Where are the concrete reasons of how to help someone experience a Sabbath? Oh, and especially as super type-A, to-do list, task-oriented human like myself.  Where is the importance of a Sabbath in the pre-marriage books that I read? Sure, biblical things were all over those books like not cheating, finances, serving togethering, picking a church together but NOTHING about the importance of taking a Sabbath.

One of the first podcasts I came across as I started discovering more than music on road trips, I came across Dax Shepherd’s “Arm Chair Expert” podcast. He had an episode with Ashton Kutscher where he talked about Kutscher’s Jewish faith. Kutscher went on to explain that no matter what is going on in his life he prioritizes time to rest each week. A few weeks later Mila Kunez (Kutscher’s wife) talked a little more in depth about their family ‘Sabbath’ practice. Even though she claims no religion, she values the importance of stopping, resting and refreshing with family. She went on to explain that one evening every week her family has nothing planned but time together. They don’t worry about anything besides enjoying being together. They share a meal and take time to reflect of the past week. Their family uses this time to apologize for anything that might have come up or gone wrong the past week. This prompts them to start a new week on a clean slate of love and gratitude. Kunez mentions that it was so important for her to not carry any negativity from past weeks into the present.
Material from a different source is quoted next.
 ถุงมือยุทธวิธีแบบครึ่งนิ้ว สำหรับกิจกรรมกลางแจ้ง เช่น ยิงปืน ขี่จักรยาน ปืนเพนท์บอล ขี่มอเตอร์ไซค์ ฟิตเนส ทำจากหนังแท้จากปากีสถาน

Once I heard both of their explanations of the importance of their weekly Sabbath in their families, I was so blown away at how I have gone my whole life and missed the teaching and commandment of the Sabbath. Adam and I took our first Sabbath about six months into our marriage. We had to look at our calendar and planned out a day where we would intentionally schedule nothing! It was a great day to just breathe and have no expectations. But that day came and went, and we did not make it a habit to take a Sabbath weekly.
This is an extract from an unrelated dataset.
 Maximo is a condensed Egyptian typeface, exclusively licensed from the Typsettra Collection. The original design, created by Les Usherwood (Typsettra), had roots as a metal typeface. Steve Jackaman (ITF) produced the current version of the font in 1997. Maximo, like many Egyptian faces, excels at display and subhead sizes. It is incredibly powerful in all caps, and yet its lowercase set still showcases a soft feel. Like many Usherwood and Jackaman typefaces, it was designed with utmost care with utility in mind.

Since that first Sabbath we have really dove deep into what a Sabbath should look like. I have learned so much good knowledge about making my Sabbath routine by listening to people like Annie F. Downs who takes a Sabbath every single Wednesday no matter what. As well as Lysa Turkerst who schedules a Sabbath on whatever day best works with her schedule. And Dr. Caroline Leaf who takes science of the brain to match what the bible says about the importance of a day of rest for our body, mind and soul. The more I research, read, learn about the importance of adding intentional rest in my life, the more I am driven to make it non-negotiable. If these super productive, important and famous people can take a day of rest why can’t I? Why is this not already the normal? Why do I feel such a need to be busy all the time? And why is this not covered in any of our pre-marriage advice?

Adam and I have started out planning a Sabbath at least once a month! To start we are not even planning a whole day to Sabbath but instead just a Friday evening. The few we have done have been planned out a month in advance but are so refreshing. We take this time to reflect on how the month is going, how we are doing individually and how we are doing as a couple. We get anything off our chest and fill the time with joy. It is important to me that we spend equal time in our sabbath apart as we do together. This gives us a chance to breathe as an independent human and to connect with God.
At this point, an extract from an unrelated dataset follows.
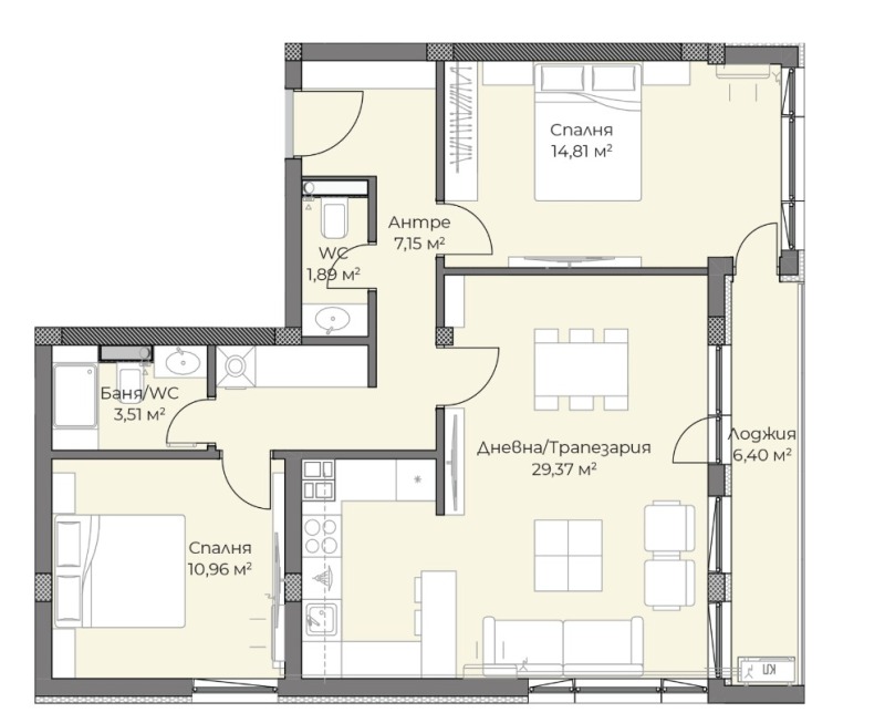 Оф.77718Б БЕЗ ХОНОРАР ОТ КУПУВАЧА! Предлагаме Ви тристаен апартамент, в нова модерна сграда с Акт 16, в кв. Смирненски. ОФЕРТАТА СЕ ПРЕДЛАГА САМО ЗА ЧАСТНИ ЛИЦА! Жилището се намира на трети етаж и е с площ от 127 кв.м. Имотът има следното разпределение:

Our desires are to be more structured in planning our months to make sure that we get a full day of Sabbath at least once a month and then move into maybe half a day every week until we can make it a habit of a full day of rest every single week. We are still seeking advice and wisdom from people in our lives and quite frankly any resources possible to really try to understand what a true Sabbath can look like. We are tired of Sabbath seeming like such a secret and out of the normal thing to do. It is clear that our bodies and minds need deep spiritual rest and connection, but it shouldn’t feel like a burden to pause life and to recharge with a Sabbath. We don’t have it all figured out, but we do know that life is too short to not pause and rest in a Sabbath.

 

What does Sabbath look like for you?

Did you grow up learning about the importance and practicality of a Sabbath?

What is your favorite way to rest during your Sabbath?

 

Keep your head up high and your words filled with love!

Your friend Colleen Howard.

One thought on “I Have Learned More About Sabbath From a Secular Podcast Than I Have From Church.

  1. Pastor Bill Ligon at Christian Renewal used to teach on the Sabbath and it’s benefits. He also taught about the Jewish festivals their importance and significance as well. You were young and not old enough to learn about it. We then went to other congregations and did not keep up but always thought the Sabbath was important and honored it by going to church and trying to be with family.

    You worked for an organization that was sponsored by a man who valued the Sabbath and closed his stores every Sunday. Continue your quest for how to celebrate the Sabbath. It is so important God himself chose to rest after working for 6 days.